Indeed, it was precisely at this point of time that Chandra Schaffter deployed his Janashakthi firm and his cricketing role to fashion a conciliatory move of great political potential: he asked the SL Cricketing Board to send the team to the Jaffna Peninsula to play a charity cricket match.
I believe the SLCB agreed, but then prevaricated so that the cricket team that went included only three players of the top tier: Muralitharan, Romesh Kaluwitharana and Ruchira Perera. This was a muted outcome…. a disappointment for Chandra and peace-loving personnel.
An illustrated account of that visit and its cricket against a “Jaffna Districts XI” has been presented in 2009 in Thuppahi: …………………………………………………….. https://thuppahis.com/2017/09/27/cricketing-amity-september-2002-jan.
Note that Pirapāharan and LTTE personnel were among the spectators at the match.
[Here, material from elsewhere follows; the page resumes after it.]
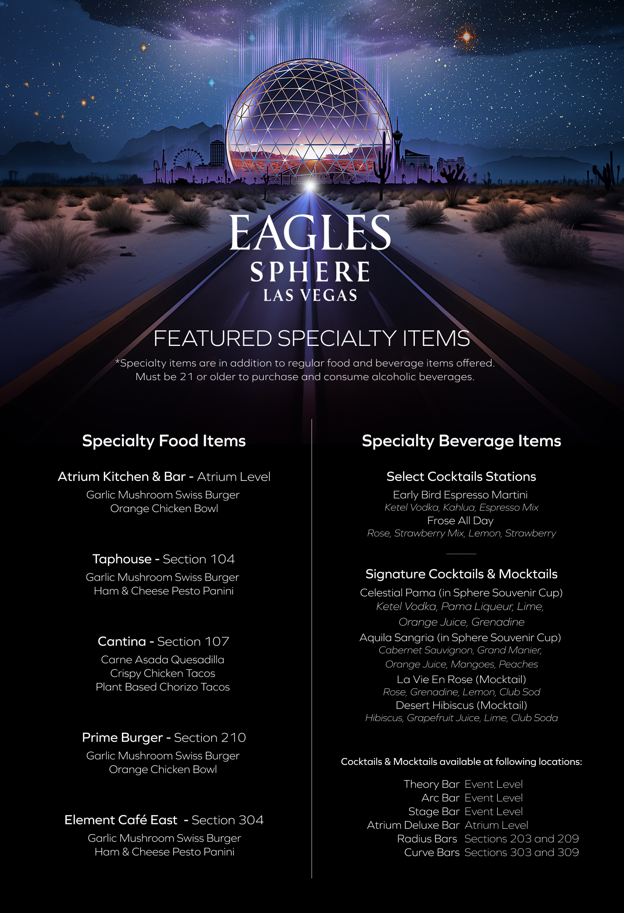 Elevate your night with world-class menu items, from Hot Honey Chicken Tenders and the Garlic Mushroom Swiss Burger to signature cocktails like the Aquila Sangria, available at select concession stands at the venue.*

The story above is, now, a must-be-seen tale. This photo of the adulation showered upon Murali is one dimension of the story.
That picture, as well as those displaying the joys directed at Schaffter and others during their parade through town, are misleading. Writing much later, I have added this caution: “In 2002 Schaffter, Kaluwitharana and other well-intentioned organisers of the encounter would not have been aware that Pirapāharan was determined to secure independence for Thamilīlam and quite confident of success. [In short this meant] that the ceasefire would not last.”
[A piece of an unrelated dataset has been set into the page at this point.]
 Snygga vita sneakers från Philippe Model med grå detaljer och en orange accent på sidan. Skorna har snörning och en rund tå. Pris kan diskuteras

The impact of the tsunami on the LTTE battle capacities in late 2004 delayed the final move on Pirapāharan’s part. But the inexorable determination and confidence remained. One momentous step in Pirapāharan’s move towards independent Eelam involved the assassination of Lakshman Kadirgamar in Colombo on the 12th August 2005[4] …. with the Tiger sniper using the top-floor of a Tamil neighbour in the prestigious Cinnamon Gardens suburb as his shooting perch.[5]
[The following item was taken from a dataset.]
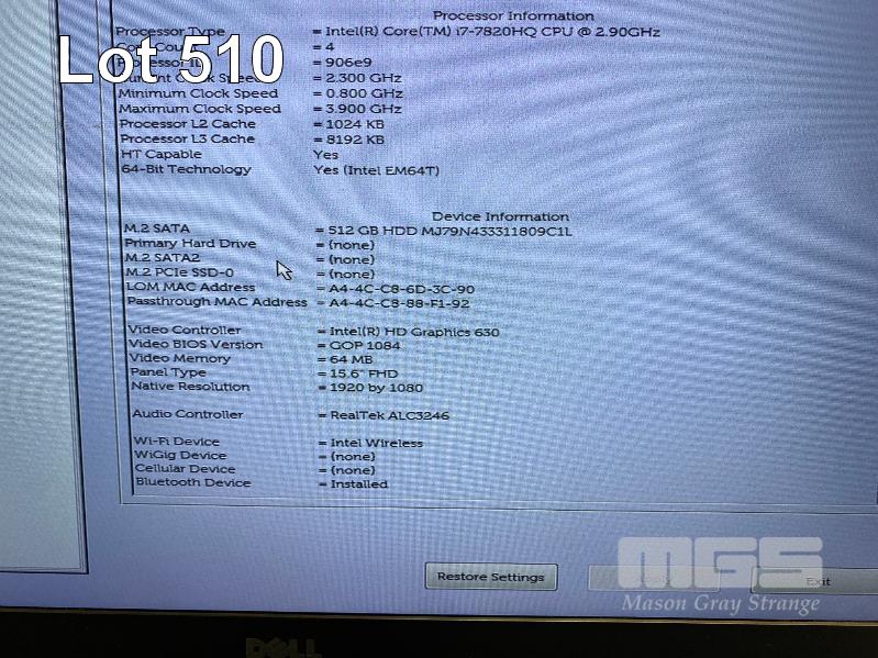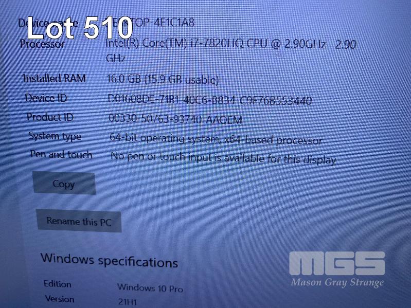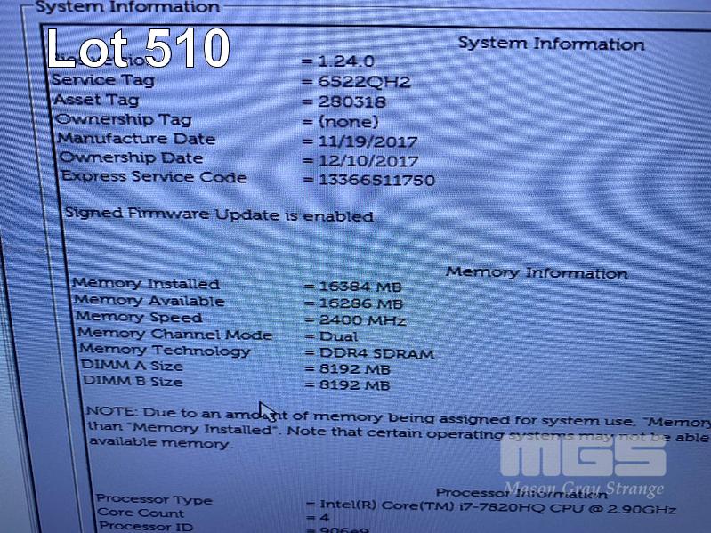 LAPTOP, DELL PRECISION 3520 WORKSTATION, CORE i7 7820HQ (7TH GEN) @ 2.9GHz, 16GB DDR4 RAM, 512GB M.2 SSD, 15.6" WIDESCREEN (1920x1080), INTEL HD GRAPHICS 630, 2GB NVIDIA QUADRO M620 VIDEO, Wi-Fi, BLUETOOTH, WINDOWS 10 PRO INSTALLED & POWER SUPPLY (NOTE: SCREEN HINGES LOOSE, MARKS ON SCREEN, DAMAGE TO BOTTOM OF CASING, SWOLLEN BATTERY) S/N:6522QH2

Eelam War IV was about to commence and the closing of the floodgates at Mavil Aru in July 2006 became the opening shot. All along, Pirapāharan and his cohorts were supremely confident about their march to independent status. On one occasion in 2006 Thamil Chelvam, the head of the LTTE’s civilian administration, confidently told a Sinhala negotiator: “we will teach you a lesson.”[6]
END NOTES
[1] See https://www.youtube.com/watch?v=64WW51eKLcY … and ….. https://island.lk/kumar-sangakkara-brings-pride-to-sri-lanka-yet-again/
[2] See https://thuppahis.com/2023/03/30/a-cricketing-saga-extraordinary/ …. And …. https://thuppahis.com/2023/04/01/chandra-schaffter-at-hockey-for-school-university-ceylon/#more-71392
[3] If my memory is reliable on this count, it must have been the match in early December 2003 when England was captained by Flintoff and Sri Lanka was skippered by Hashan Tillekeratne …. and when Murali bamboozled the Englishmen, but they hung on for a heroic draw. ………………………. …………. See
https://www.espncricinfo.com/series/england-tour-of-sri-lanka-2003-0461785/sri-lanka-vs-eng
[4] See https://www.google.com/search?q=assassination+of+Lakshman+Kadirgamar&rlz=1C1ONG
[5] The owner was a former Royal College cricketer named Thalayasingham who, at stage, was an incorrigible drunkard. The second floor of the house seems to have been accessed by the LTTE with the connivance of the Tamil servants. Be that as it may, Kadirgamar himself and the State security services seem to have been quite lax in covering this possibility: Kadirgamar was shot when he prepared for his regular early morning swim in his swimming pool.
[6] My recollection …. Probably a snippet relayed by Lalith Weeratunga when I interviewed him at my sister’s house in Wellawatte at some point in the years 2009-12 about the events leading to Eelam War IV. Weeratunga was a trusted figure in the Mahinda Rajapaksa administration: see https://www.itu.int/en/ITU-T/Workshops-and-Seminars/bsg/201310/Pages/WEERATH.
******************
Michael, you had failed to recognize Mahadevan Sathasivam of 1940s, in your listing of notable cricketers!